What has inspired your particular viewpoint on how to marry machine learning and biology?

So, the problem isn’t new, but rather the latest iteration of an age-old problem. When the fields of computational biology and bioinformatics were first created, the same problem existed. Computer scientists, statisticians, data scientists, or even physicists joined the field of biology and brought their quantitative thinking to the field. At the same time, biologists had to start modeling beyond characterizing genes as up-regulated and down-regulated, and start to approach the data more quantitatively.The digitization of biological data has now just grown exponentially in scale. The problem is more acute and expansive in scope, but the fundamental challenges remain the same.

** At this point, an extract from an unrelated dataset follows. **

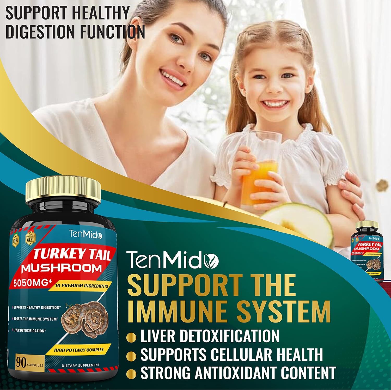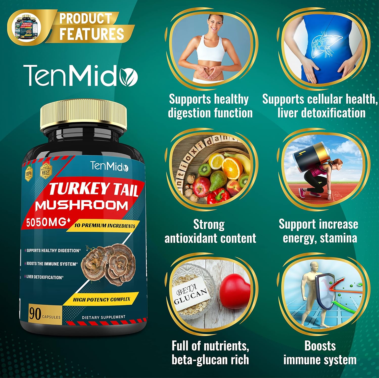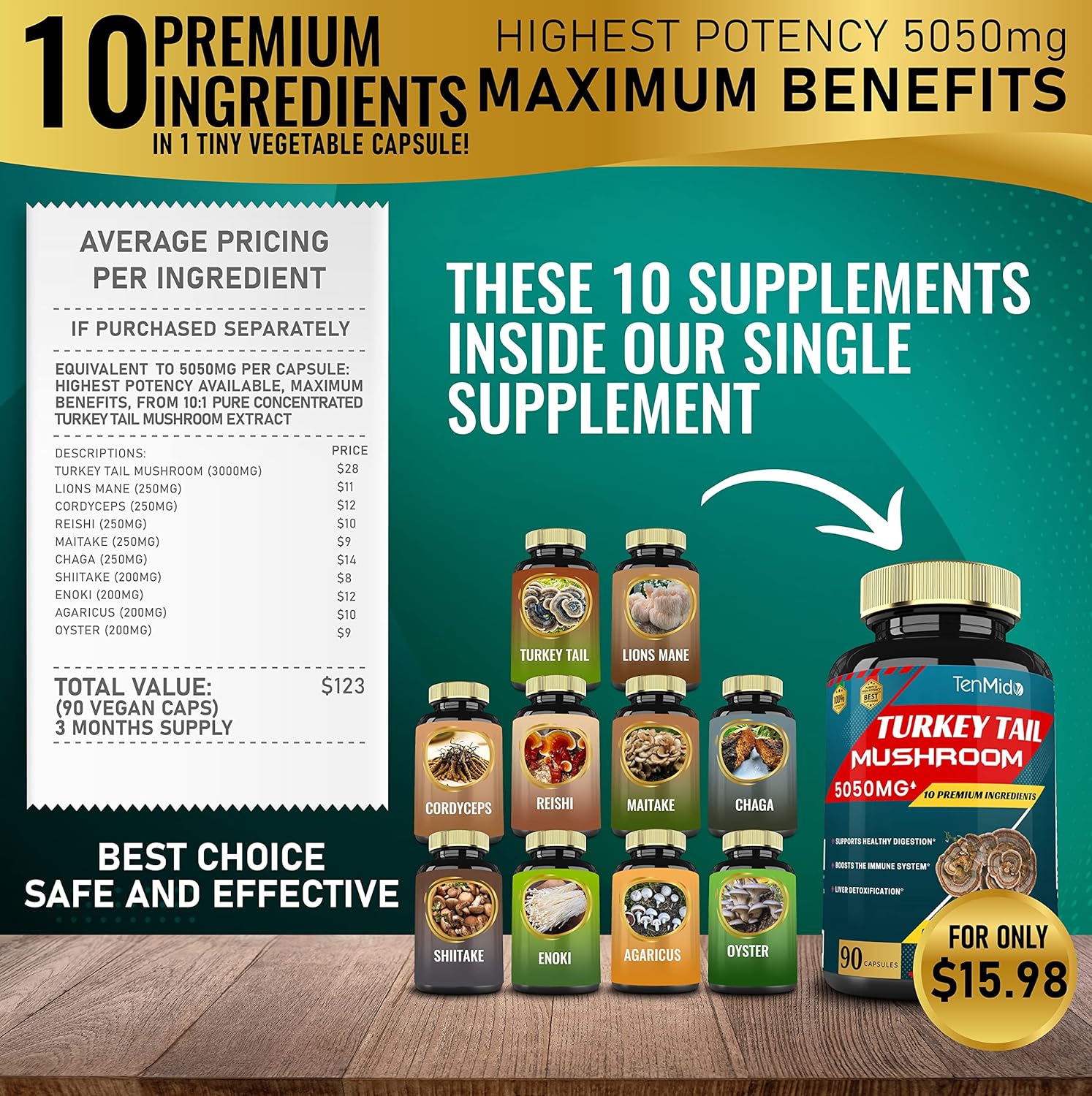Turkey Tail Mushroom Extract 5050mg with Lions Mane, Cordyceps, Reishi and More, 10 Herbs in 1 | Improves Digestive Function, Supports Immune System, 3 Months Supply

What do you view as either the success metrics or red flags that tell you whether or not the marriage is working?

If you look at companies that are trying to combine fields, you can very quickly see how much they invest into one side or the other. So, if it’s a company where 90% of the people are lab scientists, and then they just hired one or two machine learning scientists and they’re calling themselves an ML company, then that’s probably more of an afterthought.

Is there one take-home lesson that you have learned in this whole process of marrying biology and machine learning?

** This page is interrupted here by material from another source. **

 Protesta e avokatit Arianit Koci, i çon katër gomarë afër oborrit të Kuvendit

I think intellectual humility, especially coming from the tech side. With something like solving for search, for example, all the information is already in a text form that you can easily access, and you know what you’re looking for. So, it becomes a solvable problem, right? The problem with biology is that we don’t even know what datasets we are looking for, whether we even have the right flashlight to shine on the right areas. 

So, sometimes when tech experts jump into bio they fall into a trap of oversimplification. Let’s say, as an example, for next generation sequencing they might say, “Wow. We can sequence DNA. Why don’t we just sequence lots and lots of DNA? It becomes a data problem, and then we solve biology.” 

But the problem is that DNA is one of dozens of different analytes in the body. There’s RNA, protein,post-translational modifications, different compartments such as extracellular vesicles, and differences in time, space, cell type, among others. We need to understand the possibilities as well as the limitations of each data modality we use.

While it may be hard to believe, biology is still a field in its infancy. We just sequenced a human genome a little over two decades ago. Most of the time, we can’t access individual biological signals so we are still taking measurements that are a conglomerate or average across a lot of signals. We are just starting to measure one cell at a time. There’s still a lot to do and this is why it’s an exciting time to go into biology. 

But with that infancy comes great potential to solve problems that will have huge impacts on human health and wellbeing. It’s a pretty amazing time because we’re opening new frontiers of biology.

What kinds of frontiers? Is there an area of biology or medicine where you are most excited to see computation applied?

Yeah – everything! But let me think. In cancer, I believe that within our generation the new therapies and early detection efforts that are coming out will transform cancer into a chronic disease that’s no longer so scary, like we’ve done for HIV. And we can probably use very similar types of methods to look at disease detection and prevention more generally. The key thing I’m excited about is that we can start detecting whether the disease is already there before symptoms. 

Outside of cancer diagnostics, what’s also really cool is the transition to building with biology instead of just reading and writing. I’m excited about the areas of synthetic biology where we’re using biology as a technology, whether it’s CRISPR or synthetic peptides or synthetic nucleotides. Leveraging biology as a tool creates expansive possibilities to completely transform traditional resource generating industries, from agriculture to energy. This is truly an amazing time to be a biologist!